Peel may have been the original zoo nerd and travelled around the zoos of Europe at the turn of the 19th Century (no cheap Easyjet flights for him!). If he were alive today, I guarantee he would be an active zoochatter.
 
London Zoo Old Annual Reports

I stayed up until goodnes knows when last night reading this stuff. Absolutely fascinating.
 
Information overload

Agreed! There's so much fascinating stuff that it's hard to concentrate on one thing without your mind drifting on to something else.

I was having a look at the Knowsley catalogue this afternoon: I was aware of the mammals from previous research, but I was surprised at the size and diversity of the bird collection. Some stats: the whole collection consisted of 1617 specimens of 412 species and took six days to auction. Must have been one hell of a place!
 
We were born too late.

I wonder who bought the 70 Passenger Pigeons.

Then there's the famous Quagga.
 
robmv said:
This is an incredible source of information: I've just lost a couple of hours and I've barely scratched the surface. My top tip is C. V. A. Peel's "The Zoological Gardens of Europe":

Peel may have been the original zoo nerd and travelled around the zoos of Europe at the turn of the 19th Century (no cheap Easyjet flights for him!). If he were alive today, I guarantee he would be an active zoochatter.
that was a fantastic read! He really was ahead of his time with his thoughts on how animals should be kept, remarking on which cages were suitable and which weren't etc, and his delight at seeing rare and unusual animals. Fascinating too reading about the zoos then, including 12,000 species on display in the Berlin Zoo, and apparently a platypus in Frankfurt Zoo! (And of course the only pretty girl in Denmark working at the Copenhagen Zoo).

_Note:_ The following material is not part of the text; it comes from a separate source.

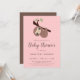 Um convite para chás de fraldas de preguiça bonito e adorável para meninas. Ilustração digital de Kristine Lee. Para obter mais informações, visite www.kristineleedesigns.com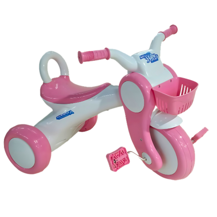 This Kids Ride-On Tricycle/bike is a fun and safe way for little ones to enjoy outdoor play. Designed with a sturdy plastic body, comfortable seat, and easy-grip handles, it ensures a smooth and secure ride. The bright red and white color adds charm, while the rear basket lets kids carry their favorite toys. With non-slip pedals and durable wheels, it offers great balance and comfort. Ideal for children aged 2–5 years, this tricycle helps develop coordination, confidence, and motor skills — making it a perfect companion for early learning and adventure.

Not forgetting either, the bit about Hagenbeck at the end. Well worth reading!
 
I also added links for other historical stuff in the Bronx Zoo thread, Philadelphia Zoo thread, the Paris Jardin des Plantes thread, Franklin Park Zoo (Boston) and the General Zoo thread (Hagenbeck's autobiography)
 
that was a fantastic read! He really was ahead of his time with his thoughts on how animals should be kept, remarking on which cages were suitable and which weren't etc, and his delight at seeing rare and unusual animals. Fascinating too reading about the zoos then, including 12,000 species on display in the Berlin Zoo, and apparently a platypus in Frankfurt Zoo! (And of course the only pretty girl in Denmark working at the Copenhagen Zoo).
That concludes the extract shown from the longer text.